> [Information given]:

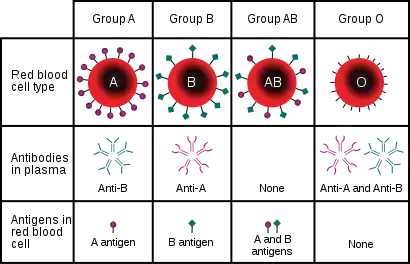 - گروه خونی AB: آنتیژن نوع A و B را در سطح گلبولهای قرمز خود را دارند و در پلاسمای خونشان نیز هیچیک از آنتی کورها را ندارند.
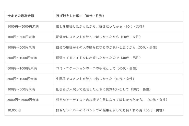 「好きなライバーのイベントでの結果を少しでも良くする為」という理由で18,000円もの金額を投げ銭したことがある方もいるように、自分が推している人のためなら惜しまず投げ銭したいと思う方も、一定数いるようです。
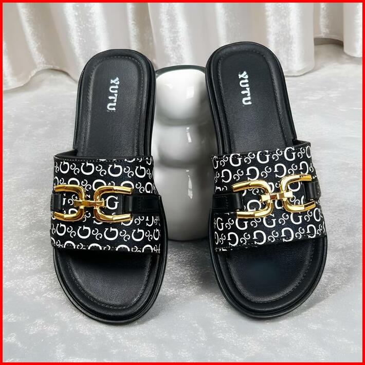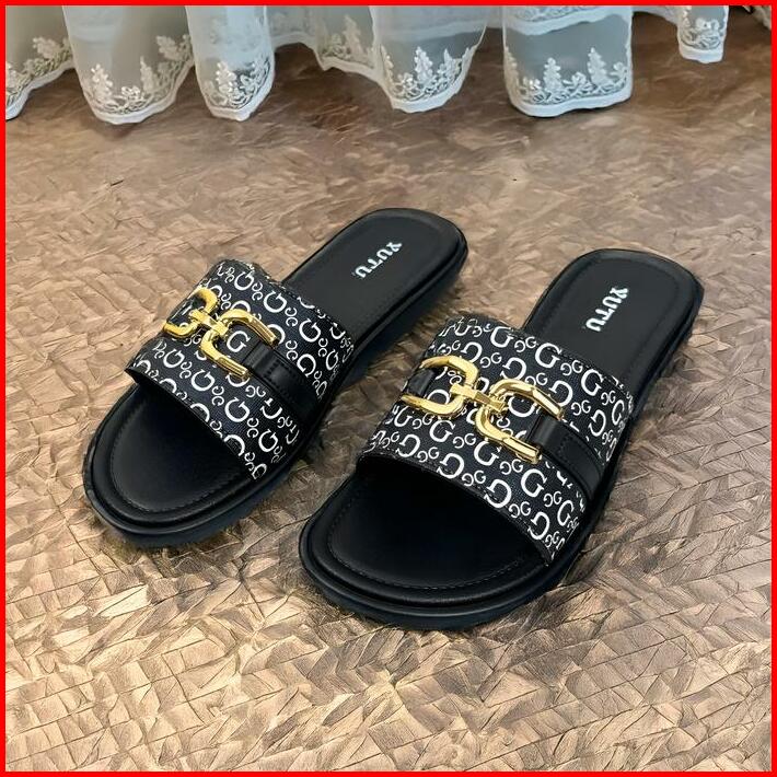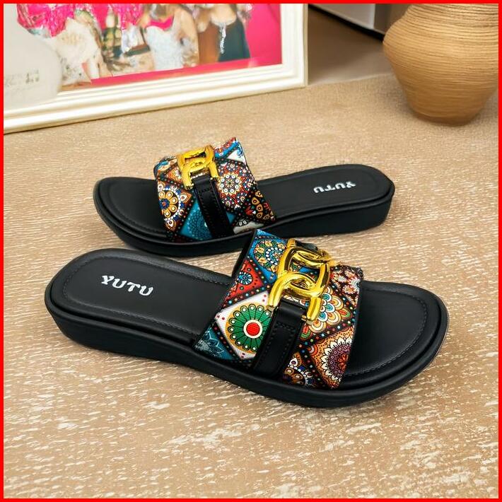 Sandal Teplek Slop Slip On Wanita Kekinian Flat Gesper Pita D Platform Trendy 2025 Sendal Cewek Shoes Karet 2422-10
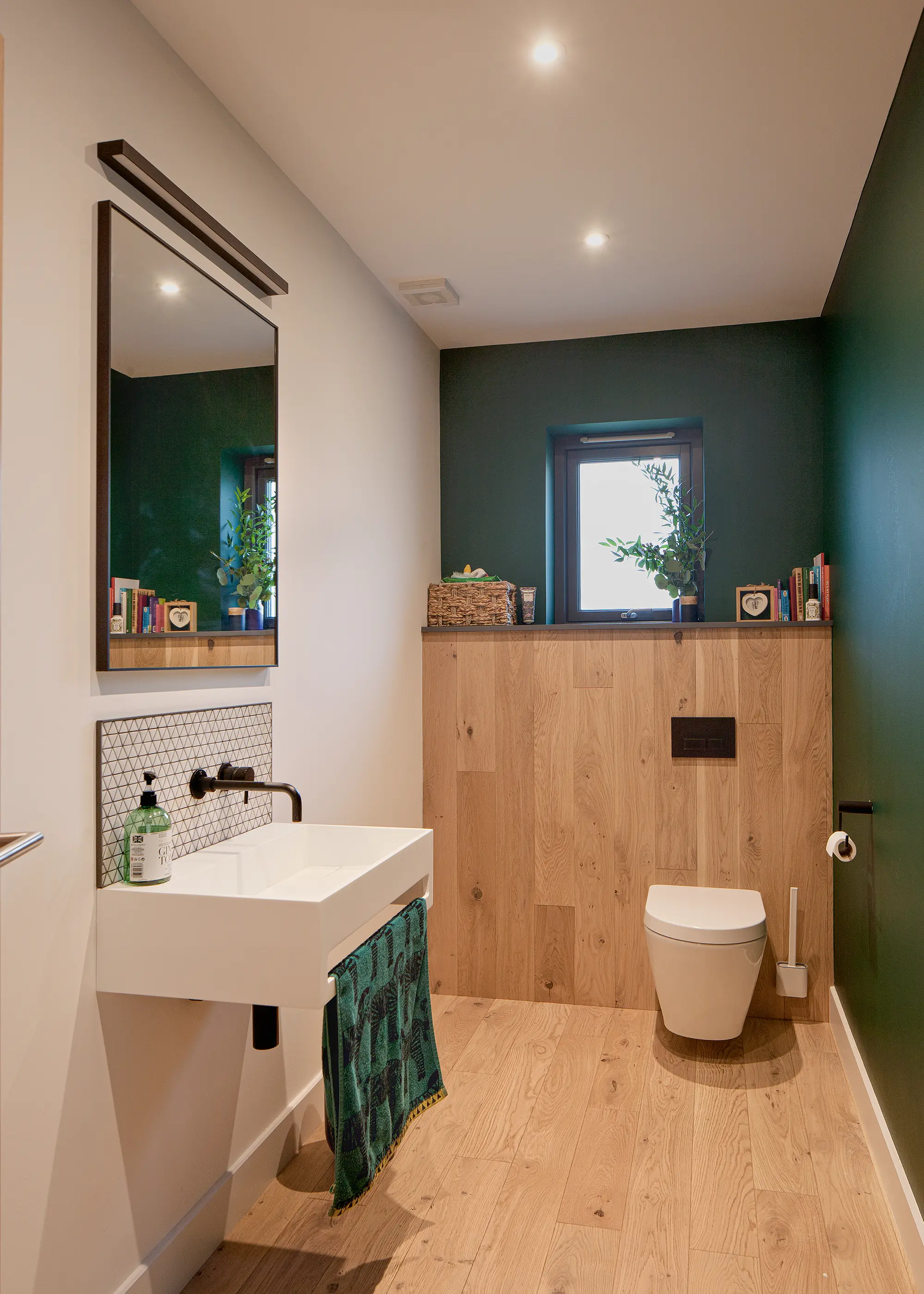 “The chosen timber floor was another cost-saving exercise, an alternative yet still high-quality product, but for a more affordable price versus the original specification,” says Finlay. “An additional wee design detail involving this was in the ground floor WC, where we ran the floor up behind the toilet instead of using tiles. Again, more cost-effective and it looks magic.”
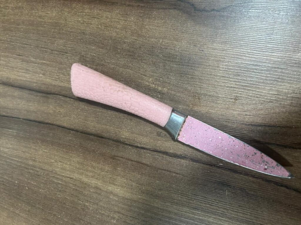 Uma faca de cor rosa foi apreendida e apresentada na delegacia. O caso está sendo investigado pela Polícia Civil.
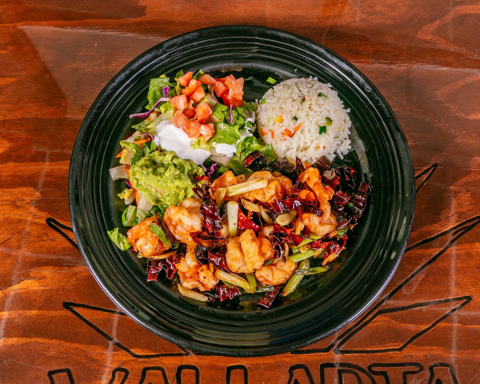 Two soft or fried flour tortillas filled with grilled shrimp, onions, and tomatoes, topped with cheese dip. Served with white rice, sour cream, and guacamole salad.

> [Instructions for the task]: Line by line, reproduce the material above exactly, leaving each picture out.

> [Exercise response]:
 - گروه خونی AB: آنتیژن نوع A و B را در سطح گلبولهای قرمز خود را دارند و در پلاسمای خونشان نیز هیچیک از آنتی کورها را ندارند.
 「好きなライバーのイベントでの結果を少しでも良くする為」という理由で18,000円もの金額を投げ銭したことがある方もいるように、自分が推している人のためなら惜しまず投げ銭したいと思う方も、一定数いるようです。
 Sandal Teplek Slop Slip On Wanita Kekinian Flat Gesper Pita D Platform Trendy 2025 Sendal Cewek Shoes Karet 2422-10
 “The chosen timber floor was another cost-saving exercise, an alternative yet still high-quality product, but for a more affordable price versus the original specification,” says Finlay. “An additional wee design detail involving this was in the ground floor WC, where we ran the floor up behind the toilet instead of using tiles. Again, more cost-effective and it looks magic.”
 Uma faca de cor rosa foi apreendida e apresentada na delegacia. O caso está sendo investigado pela Polícia Civil.
 Two soft or fried flour tortillas filled with grilled shrimp, onions, and tomatoes, topped with cheese dip. Served with white rice, sour cream, and guacamole salad.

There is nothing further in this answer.